Mike Godwin

MAT 259 - Data Visualization

My goal for this course was to produce a series of visualization experiments. I wanted to make quick “sketches” of the different topics that came up in our reading and discussions. This would allow me to familiarize myself further with the Processing programming language and to experience firsthand the associated problems and benefits of different methods of depicting information.

I recently read Michael Pollan's “Botany of Desire” and was so intrigued by the chapter on apples, that I decided to explore Plant Genetic Resources Unit division of the Agricultural Research Service for possible data sets. A little sleuthing turned up the National Plant Germplasm System and a wealth of downloadable datasets.

It was at this point that “preprocessing” became the word of the month. In my case preprocessing meant taking an existing database that was fine tuned for MS-DOS circa 1990 and figuring out how to massage some sort of useful information from it.

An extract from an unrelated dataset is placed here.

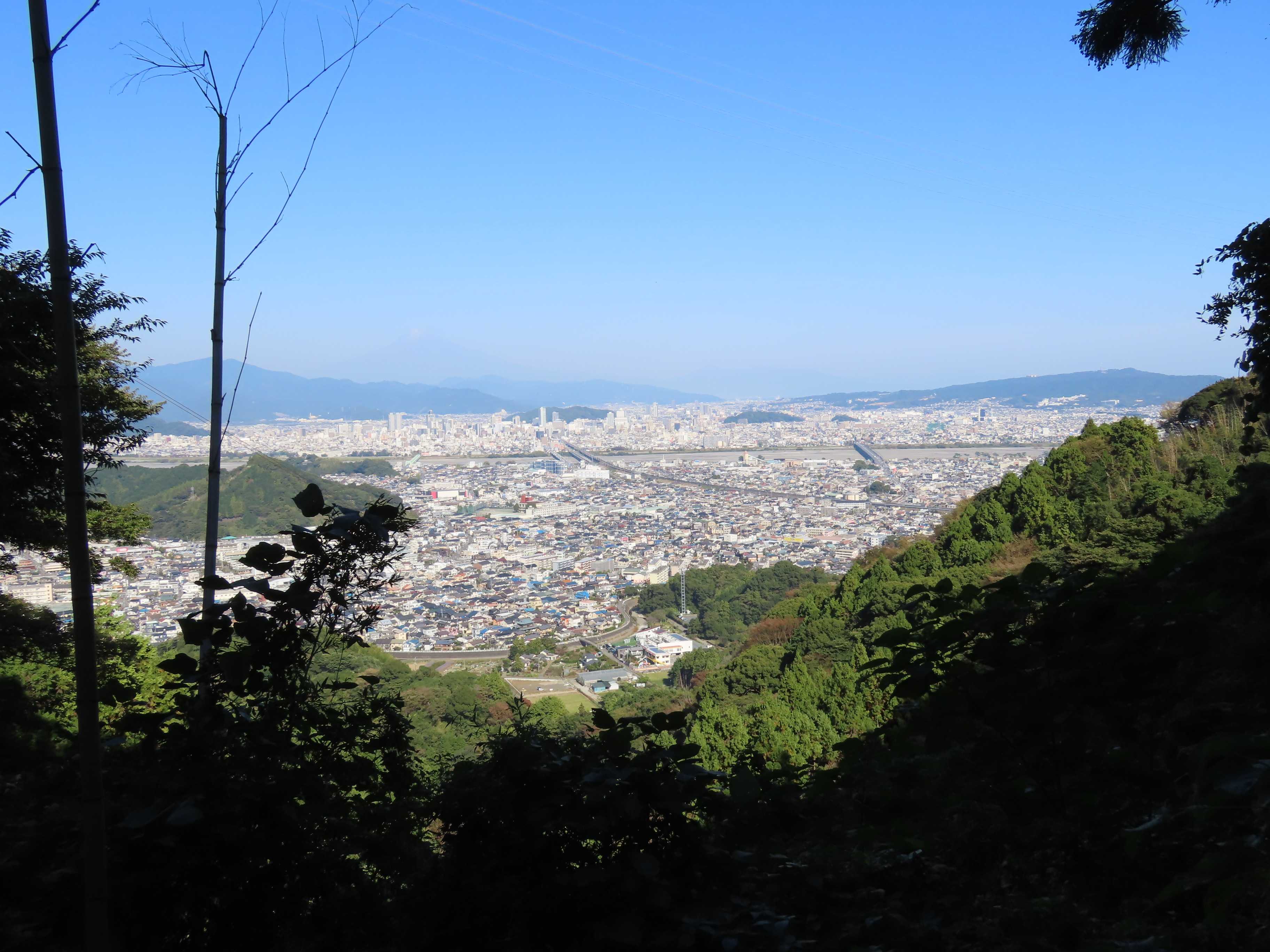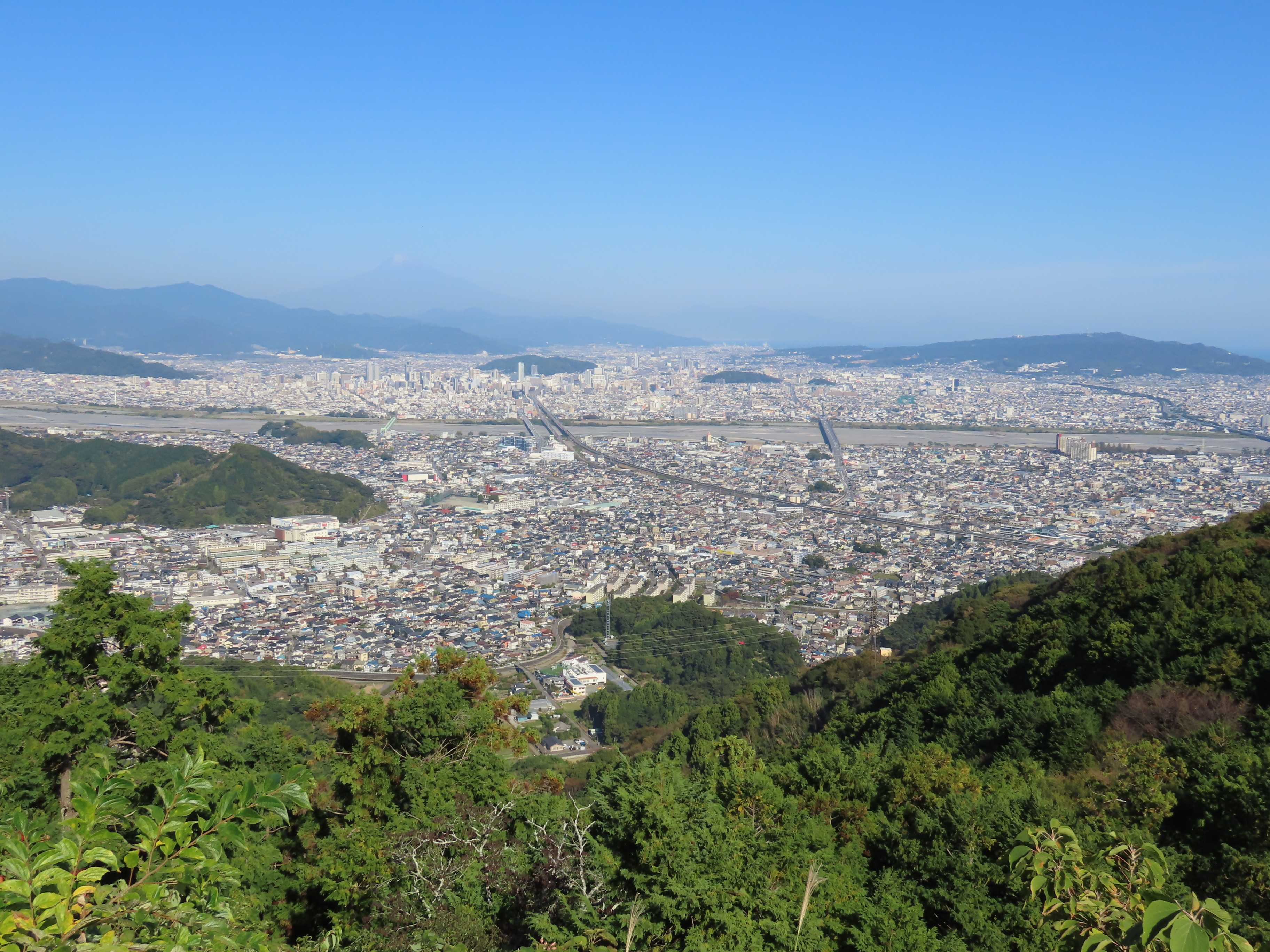 山頂からは、静岡市街、安倍川、国一バイパス、新幹線、東名高速道路、日本平、駿河湾、伊豆半島が一望できる!富士山は、今日の暑さでやや霞がちだがなんとか見えている~

	Crop Common Names My first visualization was an exploration of the database itself. What did all the acronyms mean, and how might these be visually interesting? I became intrigued by the “common names records” for the various crops and created this visualization to investigate how common names were associated with the number of species that shared those common names.
	Crop Diversity Comparison My next sketch was an experiment with 3 dimensional representations of data. I chose three axes from the dataset and plotted each crop within those parameters. While the exercise was helpful for me from a programming perspective, I quickly realized that reading information from this sort of image is very challenging and often vague. The output highlights unusual crops, but obscures many details in the process. In my next sketches I decided to revisit 2D images in an attempt to recover some of the lost information.
	Kohonen Self-organizing Color Map This is an implementation of the standard first Kohonen programming project. The sketch generates 200 random colors and then uses a Kohonen algorithm to organize the points in a coherent “map.” This is an easy way to see if the program is working correctly, but I didn't like how the actual values of the input data are not visible in the end result. In my final sketches I explored ways of solving this problem.
	Kohonen SOM Experiments Still concerned with the loss of information with generalized visualizations; I wanted to find a way to make the Kohonen algorithm's output more visibly connected to the original data points. This visualization sorts 25 grays according to their red, green, and blue values (which are always equal for grays). This is mostly a verification that my program was working properly in a list format.
	Kohonen Crop application This is the concept of the layered Kohonen mapping visualization applied to a sample set of data from the Plant Genetic Resources Unit Germplasm database. The Kohonen algorithm sorts the list of crops into a list that is grouped according to the attributes shown along the right. This approach takes advantage of the Kohonen sort but makes each weight in the multi-dimensional map apparent.